I am NOT my personality

Now, this is a tricky one, but please hear me out. You might be thinking, "Isn't that the whole point? That by true personality is my true being?". So, let's start by asking ourselves this first: What is my true personality?

I am not my personality, just my being is enough

Oftentimes we don't realise, but we have constructed a character of ourselves in our minds/egos that does not necessarily align with our being. Not to mention the character expectations that others have of us. I'll give you an example of myself. For as long as I can remember I have fed myself the narrative that I am "clumsy" and "impractical", and that a "logical way of thinking did not come naturally to me - that this is just who I am.

Little did I know, it was actually my ego telling me that as a means to protect myself. If that is just who I am, then why change? Why confront the fact that it might feel safe for me to hide behind that excuse in order to not get embarrassed in circumstances that I could have instead taken control of? See, once we attach ourselves too strongly to our mind's identity, we do not give ourselves space to grow or to live in our authentic being. This does not only apply for what we see as our "weaknessess", but also our strengths, the personality traits we attribute to ourselves straight off the bat if we are asked to describe ourselves, such as "funny", "friendly", "ambitious", "shy"...
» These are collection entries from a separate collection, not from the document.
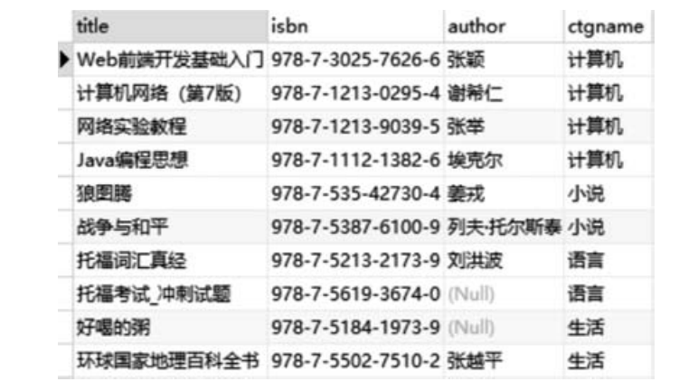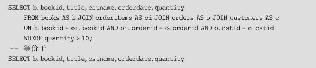 输出的列如果是两个表中都有的列,则必须在输出的列名前加上表名进行区分,用“表名.列名”,如上面命令中的b.bookid;其他输出列都是表中不重复的列,所以直接写列名即可。多表连接时,先将两表连接成一张表,再拿连接成的这张表和下一张表连接,以此类推。
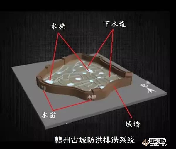贛州古城防洪排澇系統分為4個部分:福壽溝、水塘、水窗、城墻
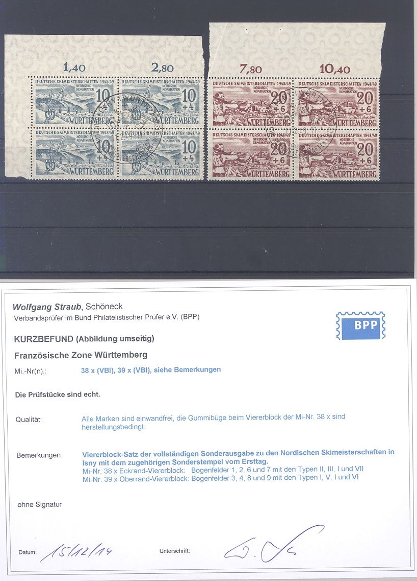 Französische Zone Württemberg Michel Nummer 38/39x, Skimeisterschaften 1949 als Viererblocksatz mit SST. Es liegt ein Befund BPP vor, hat bereits einiges gekostet, ist mit eingescannt, nette Ergänzung zur Sammlung!
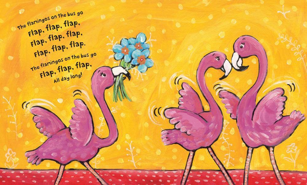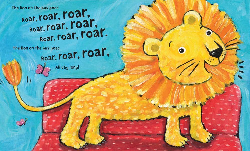 A lion roars, flamingos flap, and a hyena laughs a big ha-ho-hee as they travel on the bus with their animal friends. Don't forget to watch out for the crocodile too, whose jaws go snap! Together, a simple trip becomes a raucous adventure that young readers can sing and  move along with at any story hour, family reading time, or energy-filled morning.
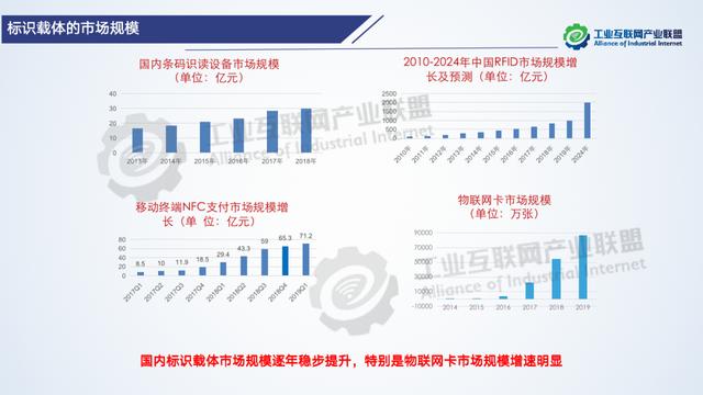 標識載體,就是指承載標識編碼資源的標簽。根據標識載體是否能夠主動與標識數據讀寫設備、標識解析服務節點、標識數據應用平臺等發生通信交互,可以將標識載體分為主動標識載體和被動標識載體兩類。主動標識載體可以嵌入在工業設備內部,具備聯網通信功能,能夠主動向標識解析服務節點或標識數據應用平臺發起連接,而無需借助標識讀寫設備來觸發。未來將進一步加快推動主動標識應用和推廣,加強核心技術研究,構筑標識產業生態;完善核心標準體系,加強國際標準合作;立足垂直行業需求,聚焦聯動發展創新;構建安全防護體系,保障標識數據安全,以切實推動工業互聯網標識產品和應用的規模化、標準化和低成本化發展,保持國內標識載體市場規模逐年穩步提升良好態勢。
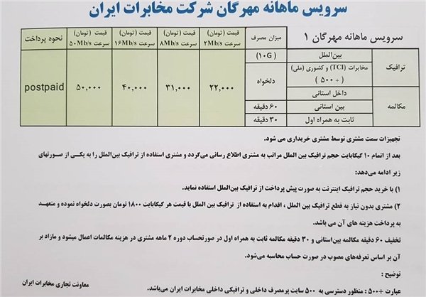 محمد جواد آذری جهرمی در صفحه اینستاگرام خود نوشت: (شرکت) مخابرات ایران روز گذشته طی نامه ای اعلام کرد که بنا دارد تعرفه های فوق را در مهرماه و برای برخی از استانها به صورت آزمایشی به اجرا درآورد. انتخاب این مدل برای مشترکین اختیاری است و مشترکین می توانند در صورت تمایل از مدل های قبلی بهره گیری کنند. این اقدام مخابرات در راستای بررسی آمادگی شبکه برای ارائه سرویس های غیرحجمی است.

Let's all create our own list of characteristics and consider how attached we are to them. Let's ponder - if one of them was taken away, e.g. the quality of being "funny", would you still hold as much value as a person? Would your friends still hang around on the days you were lacking humour - would you still have something to offer? The answer is, of course, that your being is enough (and please note that this has nothing to do with your value determined by others, but more on that later). If and when you change and your qualities evolve, you are still you. If you are rooted in your being, then there is no need to be attached to your mind's identity, and you are confident enough to grow in and out of your fixed "personality".

Question: List all of your personality traits. Remove them one by one. Ask: How attached am I to each one? How would I feel if I had to let one go? Which ones do I value the most and why? Which ones could I let go of and allow myself to evolve?

Affirmation: My identity is rooted in my being, and my being is enough.